→ Information provided:
+---+

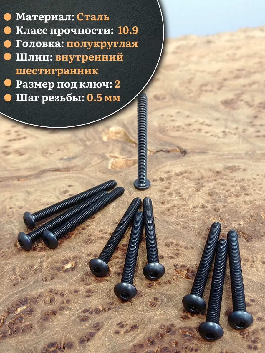 Винт чёрный М3х50 ISO 7380 под шестигранник к.п.10.9, 50 шт.
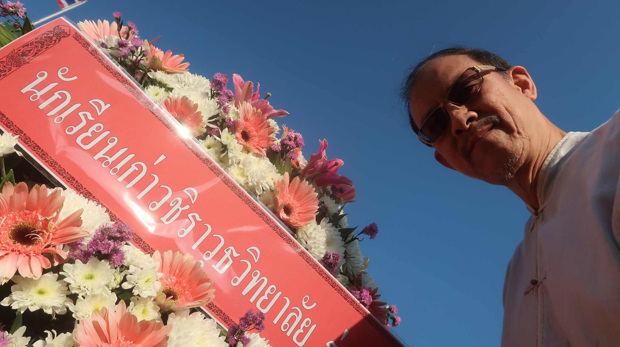 วันนี้ ที่ระลึกมหาวชิราวุธ ที่พวกเราทั้งหลายจะไปชุมนุมกันที่โรงเรียน ปีนี้ จังหวะได้ จึงตามพี่รุ่น ๔๖ ไปด้วยพอดีเพื่อนรุ่น ๔๗ ถวายบังคมกันแล้วจึง upgrade ไปเป็นคนถือพวงมาลาให้รุ่น ๔๖ ครับ ตอนนี้ เผ่นมานอนอยู่ที่ เฮือนฮักฮอดริมทางสู่นาฟ่อนแดนไกลชายป่าที่ออกจากวชิราวุธมาเรียนแพทย์เชียงใหม่แล้วออกไปทำพัฒนอนามัยชนบทกันที่นั่นเมื่อ ๔๐ ปีก่อนเพื่อพรุงนี้จะเข้าไปเยี่ยมพี่น้องลั๊วะตั้งแต่เช้าครับ
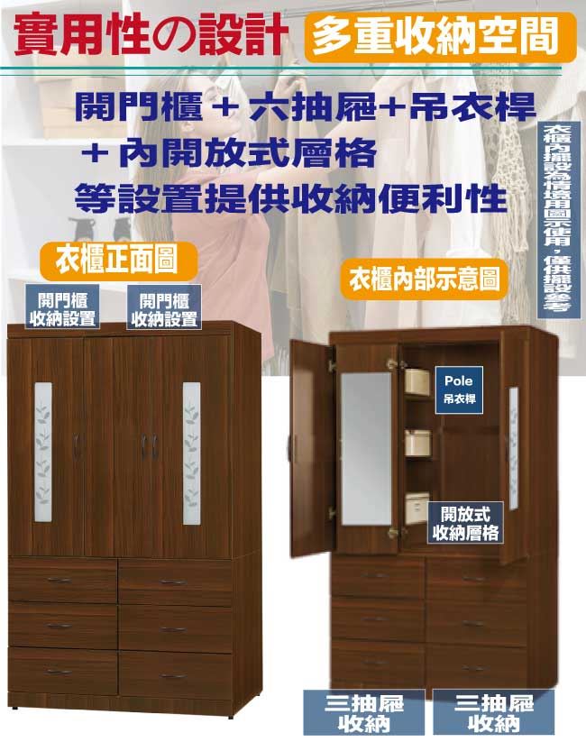 【綠家居】桑亞3.9尺三門六抽衣櫃
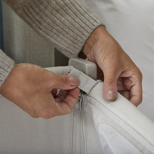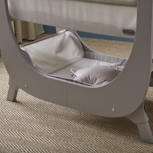 Dual mesh sides with a larger outer mesh offers maximum airflow and the supportive, breathable mattress helps regulate baby's temperature. The ‘whisper quiet’ drop-down side is quick and easy to use without disturbing baby and the rigid low-level option has been designed for safe bedside sleeping in line with the latest crib safety standard BS EN 1130:2019. An incline option helps ease colic and reflux and the storage hammock holds all those feeding and changing essentials.

+---+

→ Task objective:
Transcribe the preceding listing in its entirety and with exact wording, leaving out pictures.

→ Written solution:
 Винт чёрный М3х50 ISO 7380 под шестигранник к.п.10.9, 50 шт.
 วันนี้ ที่ระลึกมหาวชิราวุธ ที่พวกเราทั้งหลายจะไปชุมนุมกันที่โรงเรียน ปีนี้ จังหวะได้ จึงตามพี่รุ่น ๔๖ ไปด้วยพอดีเพื่อนรุ่น ๔๗ ถวายบังคมกันแล้วจึง upgrade ไปเป็นคนถือพวงมาลาให้รุ่น ๔๖ ครับ ตอนนี้ เผ่นมานอนอยู่ที่ เฮือนฮักฮอดริมทางสู่นาฟ่อนแดนไกลชายป่าที่ออกจากวชิราวุธมาเรียนแพทย์เชียงใหม่แล้วออกไปทำพัฒนอนามัยชนบทกันที่นั่นเมื่อ ๔๐ ปีก่อนเพื่อพรุงนี้จะเข้าไปเยี่ยมพี่น้องลั๊วะตั้งแต่เช้าครับ
 【綠家居】桑亞3.9尺三門六抽衣櫃
 Dual mesh sides with a larger outer mesh offers maximum airflow and the supportive, breathable mattress helps regulate baby's temperature. The ‘whisper quiet’ drop-down side is quick and easy to use without disturbing baby and the rigid low-level option has been designed for safe bedside sleeping in line with the latest crib safety standard BS EN 1130:2019. An incline option helps ease colic and reflux and the storage hammock holds all those feeding and changing essentials.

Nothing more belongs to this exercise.